Караваеву стало отчего-то весело. Он хлопнул Вдовина по плечу:

— Дубов давно на юг укатил. Живет там, поправляет свои потрепанные нервишки. И чего нам вспоминать его, Андрей Порфирьевич. А?..

Вдовин коротко и тихо засмеялся. Это было так неожиданно, что Михаил Михайлович замер на миг. И тут же усмехнулся про себя: «Раскрываешься… Почуял, милок, что по-новому жить можно будет».

Подавая на прощание руку секретарю райкома, Вдовин сказал:

— Слышите, волки воют?
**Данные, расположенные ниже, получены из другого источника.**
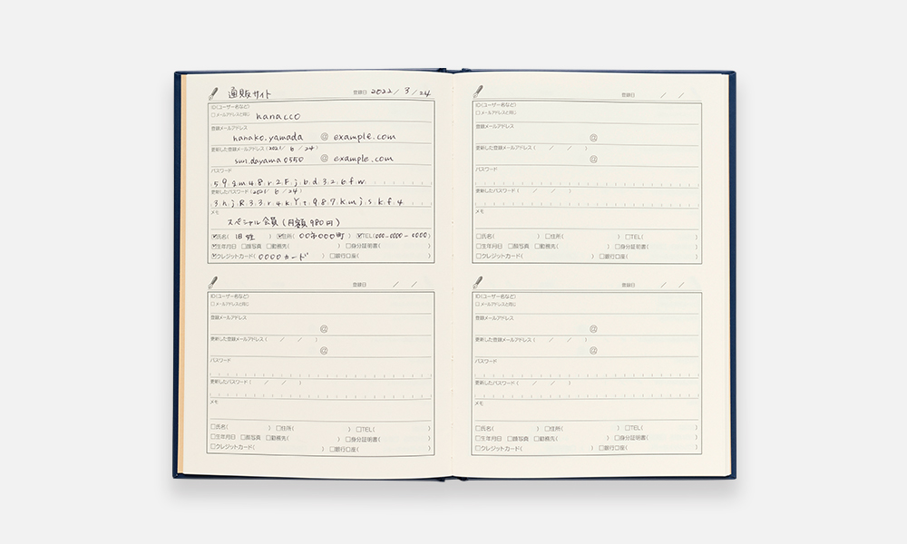 サービスやSNSのパスワードをまとめて管理。保存性に優れたハードカバー仕上げ。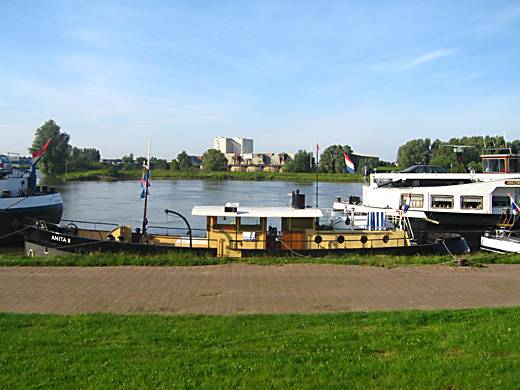 De laatste vrijdag komen we via Arnhem op de Neder-Rijn. Bij Rhenen zien we een walletje en achter een binnenvaartschip is ruimte zat.
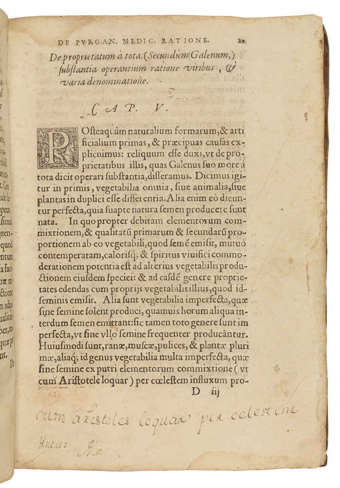With several near-contemporary ink owners inscriptions by the pharmacist Joseph Nicolau (some in the device and the first initial); additional 18th-century ink owners inscriptions by Luís Ferrari; numerous ink annotations on the endpapers and throughout. Browning and water stains throughout, occasional mostly marginal worming, several paper defects along the edges. Binding wrinkled and rubbed. Baudrier X, 223; BMC STC French, p. 145; Ferchl 428 ("Leiden" in error); Gültingen VIII, 95, 158; Hoefer XV, 367; NLM WZ 240 ("imperfect: p. 177 mutilated"); USTC 151071; Wellcome 5300; WorldCat 14307014; not in Adams; Durling; Osler; Waller.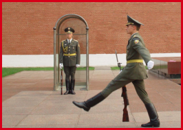 After the wedding they pose beside the honour guard who protect the Tomb of the Unknown Soldier in the Kremlin wall.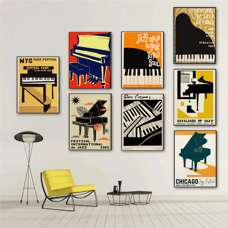 Modern Jazz Festival Music Festival Poster Simple Style Colorful Piano Pictures Canvas Printing Posters Wall Art Decor for Bar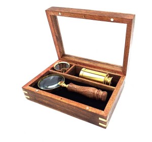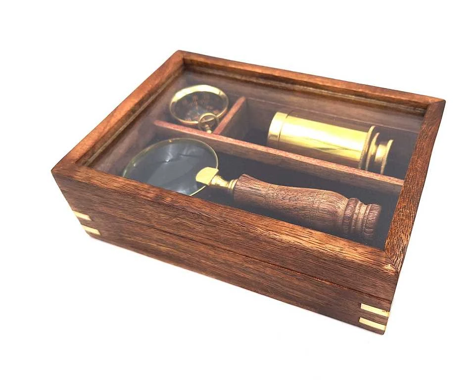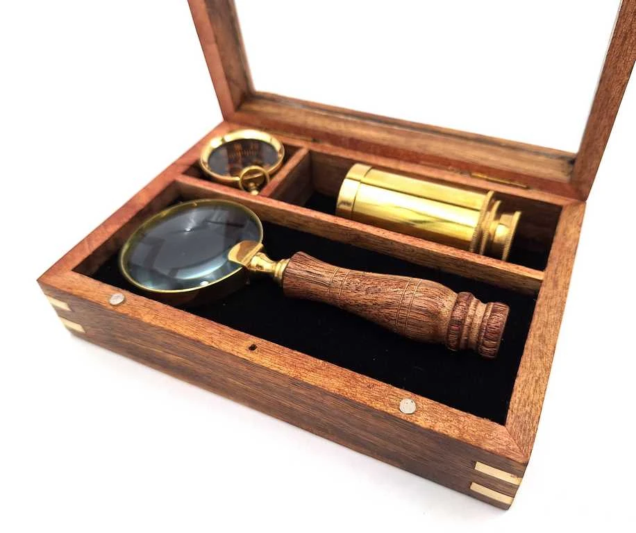 Zestaw Podróżnika – Lupa, Kompas i Luneta w Drewnianym Pudełku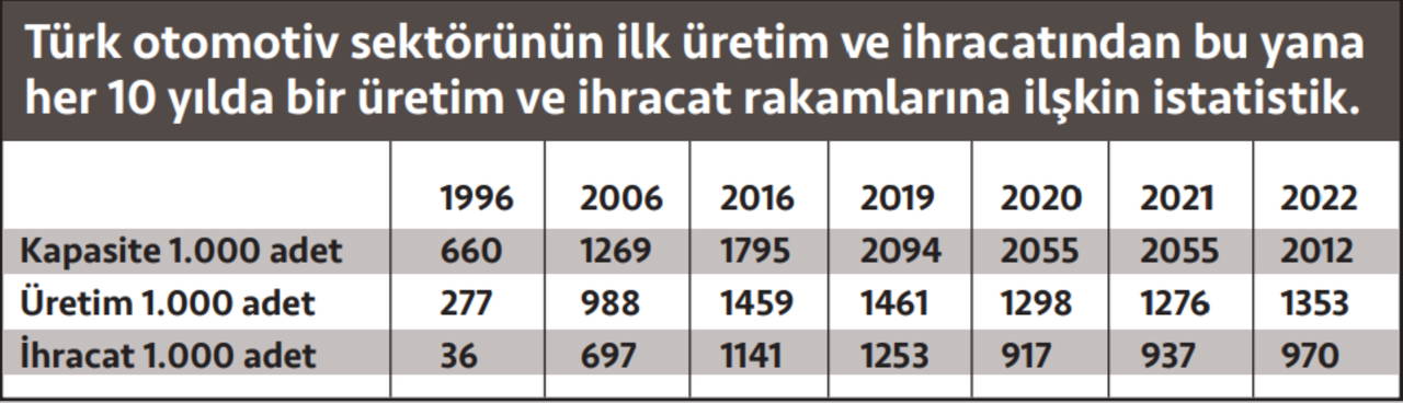 1996 yılından bu yana otomotiv sektörünün kapasitesinin üç kat arttığını vurgulayan Eroldu, şunları söyledi: “1996’da yürürlüğe giren Gümrük Birliği anlaşmasının otomotiv sanayinin dönüşümünde kritik rol oynadı. İhracat odaklı büyümeyle birlikte üretim kapasitesi ve üretim yıllar içinde katlanarak büyüdü. Günümüze geldiğimizde, Türkiye otomotiv sektörü dünya genelinde önemli bir oyuncu haline geldi. 2 milyon adedin üzerinde kurulu kapasiteye sahip Türk otomotiv sanayi, 1.35 milyon adetlik üretimiyle 2022 yılında motorlu araç üretiminde dünyada 13., Avrupa Birliği (AB) ülkeleri arasında dördüncü sırada yer aldı. Önemli bir ticari araç üretim üssü konumunda olan ülkemiz, 2022 yılında AB ülkeleri arasında ticari araç üretimiyle ilk sırada yer aldı.”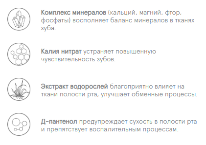 Обеспечивает насыщение зубов необходимыми микроэлементами – кальцием, магнием и калием. Восстановление минерального баланса в тканях зуба способствует осветлению эмали. Комплекс дополнительно оказывает укрепляющее действие на эмаль и снижает симптомы чувствительности.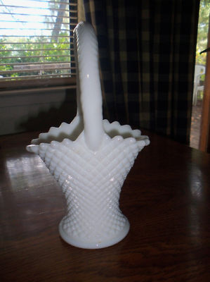 VINTAGE TALL MILKGLASS MILK GLASS BASKET VASE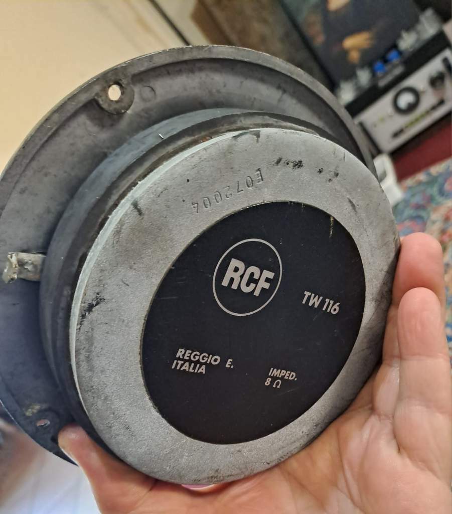 Ulmerino Inviato 7 ore fa Condividi Inviato 7 ore fa Tra ieri e oggi ho ritirato un grande stock di diffusori e altoparlanti sciolti Altec e Rcf, credo sia roba degli anni 60/70... tutta componentistica per il professionale...sono rimasto di stucco quando ho toccato con mano la qualità dei driver della storica azienda di Reggio Emilia...tanto da farmi credere che JBL e Altec siano un po' sopravvalutate, almeno per quanto riguarda la costruzione...ho iniziato a testare alcuni componenti (ce ne sono che hanno preso umidità) e dopo averli smontati e ripuliti, sono ripartiti alla grande...in particolare questi stupendi tweeteroni (gli spaccaorecchie) hanno un'impedenza di 8,12 e 8,15 ohm... Link al commento https://melius.club/topic/24938-rcf-dei-tempi-doro/page/5/#findComment-1734688 Condividi su altri siti Altre opzioni di condivisione...

Голодно им перед весной-то. И рыскают.

Караваев не сразу вошел в дом. Он еще некоторое время бродил по дороге. Раза два останавливался и прислушивался. Заунывно свистел ветер, и больше ничего не было слышно.

ОСИПОВ

Сквозь дощатую стену конторки цеха доносится шум токарных станков. Шум однообразный и сильный, можно подумать, что работает одна огромная машина. Неожиданно в него вторгаются грубые посторонние звуки, доносящиеся откуда-то сбоку: стук-стук-стук… Через несколько секунд они исчезают.

«Опять Митька Хохлов портачит, — подумал Андрей Иванович. — Побежал, наверное, к приятелю прикурить и болтает с ним, сказки рассказывает. А в это время резец прошел всю деталь, и резцедержатель уперся в патрон. Еще бы не застучало! Экий человек!»

Начальник цеха, сидевший за письменным столом напротив Андрея Ивановича, не обратил внимания на стук и продолжал говорить размеренным басовитым голосом:

— Мы срываем план строительства нового отделения цеха…

Видя, как Андрей Иванович беспокойно заерзал на стуле, начальник цеха безжалостно добавил:

— Основная вина в этом, товарищ Осипов, ложится на вас.

«Товарищ Осипов»… Все на заводе, даже главный инженер, всегда зовут его Андреем Ивановичем; Так к нему обращался раньше и начальник цеха. Конечно, можно называть и Осиповым, дело, в конце концов, не в этом. Интересно, что начальник цеха скажет дальше.

— Да, на вас… Первые станки, которые к нам прибыли, целый месяц простояли на заводском дворе под дождем.

«Дожди-то только два дня шли, — подумал Андрей Иванович. — Да и станки-то привезли всего полмесяца назад».

— …Вы бесконечно медлили с заливкой фундамента. Я знаю, что вы сейчас скажете: не хватало цемента, а когда появился цемент, не оказалось достаточного количества рабочих рук. Но ведь вы же руководитель всех работ! Вы были обязаны своевременно сигнализировать о нехватке материалов, о том, что нет рабочих.

— Я говорил об этом.



— Кому?

— Вам много раз говорил, один раз коммерческому директору. Докладную писал.

— Мне вы говорили в прошлом месяце, когда была горячка с полугодовым планом. Цех отставал, и надо было нажимать. У меня тогда голова кругом шла, не до вас было.

— Конечно, я виновен. Но ведь я один ничего не смог бы сделать, — с некоторой робостью возразил Андрей Иванович. — И я все же много раз просил помочь мне.

— Что-то я не замечал вашей активности. Надо было не мямлить, а наступать каждому на глотку. Не знаю, впрочем, как вы беседовали с Марченко. Я за дела Марченко не отвечаю. Это надо с него спросить.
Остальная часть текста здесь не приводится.